2024年 4月 20日 (土)

外岡秀俊の「コロナ21世紀の問い」(42)政治学者、宮本太郎氏と考える福祉のこれから

「一杯のかけそば」と「日本型生活保障」の揺らぎ

「日本における社会保障の現状については、右からであれ左からであれ、捨てゼリフにも近い批判や不満が寄せられている。コロナ禍による不安もあって、SNSなどによる非難の応酬はますます強まった。しかし、ただ現状を絶望的に描き出すだけでは、新たな展望にはつながらない。この30年間の福祉改革は、ある程度は福祉を前進させてきた面もあるし、もちろん、ビジョンが後退したり、限界にぶつかった面もある。それを、『新自由主義』によって、すべて切り捨てられた』と悲観するのではなく、実証的に振り返り、これから建て直す福祉制度の礎がどこにあるのかを提示したいと考えた。どのような勢力が、どこまでビジョンを実現したのかを探り、これまでの蓄積をよみがえらせ活かしながら、新たな展望を示したかったのがこの本です」

   宮本さんはここで、丸山真男がかつて書いた「大日本帝国の『実在』よりも戦後民主主義の『虚妄」に賭ける」という言葉を引用した。福祉改革の「虚妄」を指摘して、その欠陥をあげつらうことに安住するのではなく、その改革がどこまで進み、どこで後退したのかを冷静に見極め、議論の出発点にしよう、という決意といえる。
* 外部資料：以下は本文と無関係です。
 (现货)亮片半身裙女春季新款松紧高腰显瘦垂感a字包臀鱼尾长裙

   だが、そもそもなぜ、日本の福祉は90年代に入って、焦眉の政治課題として浮上したのだろう。戦後の長きにわたって日本社会を支えた仕組みの根幹が揺らいだためだ。

   本書の冒頭には、印象的なエピソード「一杯のかけそば」が掲げられている。

   話はこうだ。

   ある大みそか、2人の幼い男の子を連れた母親が、閉店間近い札幌のそば屋を訪れた。母親は申し訳なさそうに一杯のかけそばを頼み、3人で分けて食べる。

   その後も毎年、大みそかになると子連れで訪れる母親は、事故を起こして死んだ夫に代わり、賠償金を払い続けているらしいとわかる。
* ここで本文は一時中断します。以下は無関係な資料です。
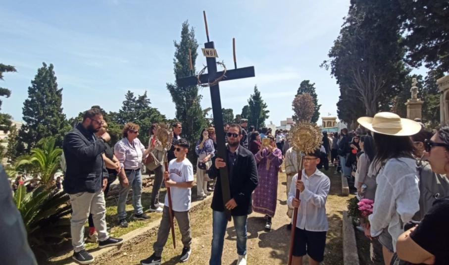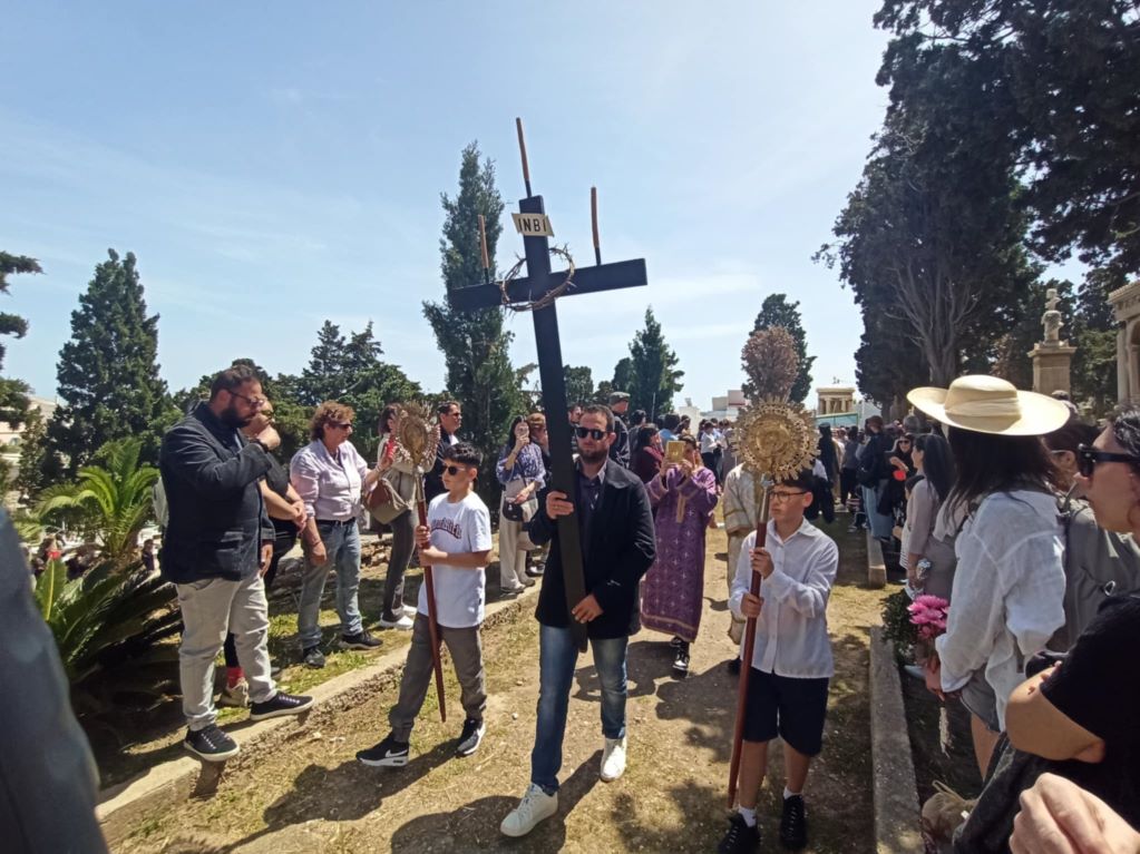 Συγκίνηση, βουβό πόνο και κατάνυξη βίωσαν όσοι παραβρέθηκαν σήμερα το μεσημέρι Μεγάλης Παρασκευής στο κοιμητήριο του Αγίου Γεωργίου, όπου έγινε η περιφορά του επιταφίου διά μέσου των μνημάτων Μεγάλη Παρασκευή. Η ημέρα που οι Χριστιανοί όλου του κόσμου ζουν την κορύφωση του Θείου Δράματος

   歳月が過ぎ、医師と銀行員になった息子たちは母を連れ、「最高のぜいたくをしに来ました」といって三杯のかけそばを注文する。

   ここまで書けば、当時この話を聞いて、もらい泣きをしたことを思い出す人もいるだろう。1989年、この物語はブームを呼び、当時の野党議員が国会質問で全文を読み上げたことで全国に知られた。

   だが福祉に詳しい著者は、当時の制度を検証し、これが実話かどうか、極めて疑わしいという。子どもたちが幼かった当時の福祉制度で、最も支援が行き届かなかったのは一人親世帯だったからだ。そうした制度的な問題を差しおいて、苦境を「自助」で乗り越えるという美談が広がった。

   この本が「一杯のかけそば」から始まるのには理由がある。この美談が広がったのはバブルが弾ける寸前で、戦後を支えた「日本型生活保障」が揺らいだ年だ。それまでの制度をいかに「自助」信仰が支えてきたか、その制度が揺らぎ始めたときに改めてその信仰が打ち出されたのがこの物語だった。それから30年経っても総理大臣が「自助」を基本にした国づくりを謳っているのだが。

   「生活保障」とは、雇用と社会保障を合わせた言葉だ。戦後日本では、「男性稼ぎ主の雇用保障に力を入れ、家族の扶養を確保する」という点に特徴があった。行政と企業は「男性稼ぎ主」の雇用を守り、大企業は家族の生活コストも賃金の一部として支払い、政府は所得控除でコストを還元する。

   著者が言う行政・会社・家族がつながる「三重構造」だ。

   加えて日本は1961年に皆保険・皆年金を導入し、男性稼ぎ主の退職後や病気になった時に生じる不備を補った。

   この仕組みはバブル崩壊後、大きく揺らいだ。雇用は不安定になり非正規が急増した。

   少子高齢化で家族の標準モデルは崩れ、共稼ぎが増え、育児や介護を家族のみに委ねることはできなくなった。日本型生活保障ではカバーできない新たなリスクが生まれた。

   これは安定雇用にも就けず、しかも従来の福祉制度からも弾かれる「新しい生活困難層」の増大を招いた。働けるが保険料を支払えず、さりとて福祉の恩恵も受けられない。「働いても生活が成り立たない」困窮層の急増である。

   90年代は、そうした新たなリスクを抱えた生活困難層に、福祉がどう対応するかを迫られた時代だった。だからこそ、「福祉改革」が緊急の政治課題になったのである。

   今にして思えば、従来型の福祉制度の限界は、バブル崩壊という経済ショックのみによってもたらされたわけではない。

   その背後には、漸進的に進行していた人口動態の変化、とりわけ少子高齢化と人口減少があり、バブル崩壊によってその矛盾が一挙に顕在化したともいえる。さらにそのころから同時並行的に進んだ労働力の非正規化や共働き世帯の増加、結婚の高齢化、未婚化などの社会の変化が、相乗的に日本社会の安定を揺さぶることになった。